El grupo que estableció el programa de Medicina en la McMaster tenía la inquietud de que era necesario buscar un cambio en el proceso de enseñanza–aprendizaje en Medicina, pero sin estar seguro en qué debería consistir ese cambio; se guió por lo que intuitivamente consideraba una metodología apropiada para realizar un aprendizaje efectivo. Inspirados por el que fue el primer catedrático de Anatomía, James Anderson (químico, médico, antropólogo y pedagogo), se comenzó a utilizar, con los estudiantes de primer año, el concepto de problemas para el aprendizaje de Medicina. Jim Anderson fue un pionero en el principio de aprendizaje autodirigido, incluyendo la creación de una escuela secundaria (Cool School) que ofrecía un sistema de educación alternativa para adolescentes en Canadá. La inspiración de Jim Anderson me llevó a iniciar el aprendizaje basado en problemas en una unidad sobre endocrinología que se cursaba en el primer año de Medicina. Howard Barrows también reconoció que Jim Anderson fue el colega que le inspiró en el uso de problemas clínicos en el ABP. Es conocido el liderazgo que tuvo Howard Barrows en la innovación docente y la difusión del ABP, incluyendo el uso de pacientes estandarizados y otros métodos de evaluación de las competencias del profesional de ciencias de la salud. Otro de los cofundadores del programa de la McMaster fue William Spaulding (fallecido en 1989), primer decano asociado, quien presidió la primera comisión curricular. Spaulding ha publicado un libro donde se pueden encontrar relatos de los primeros diez años del desarrollo del ABP en esta universidad.8

Se puede aseverar sin miedo a cometer errores que cada integrante del grupo inicial de Medicina en la McMaster hizo una contribución remarcable que condujo al éxito de establecer el programa educacional. Mencionar a algunos de ellos incide en sus contribuciones que han tenido un impacto más allá de la McMaster, pero no mencionar a otros tal vez incurra –no de forma intencionada– en una injusta falta de reconocimiento. Además de la fundamental contribución que hizo Dave Sackett –que integró el grupo inicial– al desarrollo del programa, estableció un importante Departamento de Epidemiología Clínica y Bioestadística con la intención de ser un recurso para los otros departamentos, particularmente los clínicos. En palabras de Evans, «se trataba de ser más objetivos para analizar, desafiar y medir, tratando de que se adoptara una mentalidad de juicio crítico acerca de lo que se estaba llevando a cabo». El avance en la aplicación de la medicina basada en la evidencia, promulgada por Dave Sackett y su grupo, ha sido de gran importancia global, incluso en su aplicación a la educación médica, al establecerse un grupo internacional de Best Evidence in Medical Education (BEME). Sin embargo, la utilización del recurso del grupo de Epidemiología Clínica y Bioestadística en la visión de John Evans no ha sido comparable a la que se ha observado a escala global. En el estudio del impacto de las metodologías educativas innovadoras, la aplicación de una metodología de epidemiología clínica no siempre es la más relevante, particularmente si la investigación de tipo cualitativo se ve desplazada; la innovación en educación seguramente requiere mayor innovación en su investigación.
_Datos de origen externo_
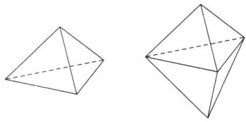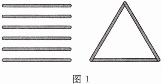 1.【空间观念】如图 1 所示,以 3 根等长的小棒为边,可以组成一个三角形,用 6 根等长的小棒为边最多可以组成几个等边三角形?9 根等长的小棒最多可以组成几个等边三角形?在平面内,用 6 根等长的小棒最多可以组成 2 个三角形,但在空间里却能组成 4 个等边三角形,因此本题要从空间去考虑.用 6 根等长的小棒能拼成边长为一根小棒长的 4 个等边三角形吗?用 9 根等长的小棒能拼成 7 个等边三角形吗?请你想一想,并画出图形.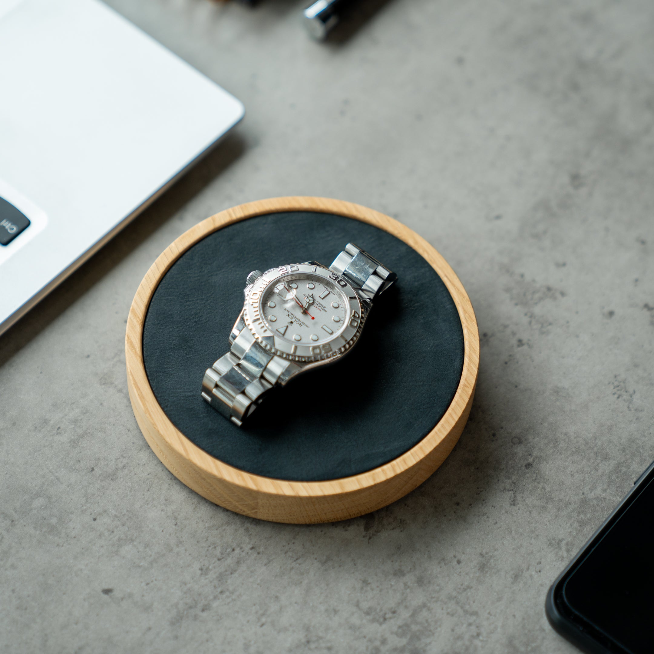 This watch mats is using FSC® certified oak wood, coated with the best hardwax-oil. Milled in the bottom is a non-slip ring and a brass emblem of authenticity in the center.

E. J. Moran Campbell (fallecido en 2004), fue el fundador del Departamento de Medicina en la McMaster. Moran Campbell, un científico y educador destacado, es reconocido como alguien que cambió el modo de enseñar la fisiología respiratoria y cómo se practicó esa especialidad. Moran Campbell merece un reconocimiento especial por su habilidad para atraer jóvenes con potencial científico pero también con intereses para innovar en educación. Su creencia respecto a que lo que importaba era la educación y no la capacitación fue inspiradora para los que, más jóvenes, fuimos atraídos hacia la McMaster. En las entrevistas preparatorias para un artículo publicado hace ya varios años,9 Gus Fraenkel, primer decano de la Escuela de Medicina en The Flinders University of South Australia, preguntaba cúal fue el atractivo del grupo inicial para venir a la McMaster, una universidad relativamente pequeña y a la sombra de una de las prestigiosas facultades de Medicina, en la Universidad de Toronto. Ser partícipe de la creación de algo que era diferente y un desafío a las normas educacionales vigentes era muy atractivo, pero no menos tener la oportunidad trabajar junto a personas del calibre intelectual de Moran Campbell y aprender de ellas. Los debates con Moran y otros miembros de la primera Comisión Curricular eran siempre un desafío a las ideas que se nos ocurrían; la lógica de sus razonamientos, su análisis crítico y su ingeniosidad constituyeron un aprendizaje difícil de olvidar. El alto sentido del análisis crítico de Moran Campbell se refleja en un libro donde describió, de forma conmovedora, los altibajos de su estado emocional bipolar, que aunque en los últimos años afectaba a su habilidad para el trabajo, nunca oscureció la claridad de sus pensamientos e ideas.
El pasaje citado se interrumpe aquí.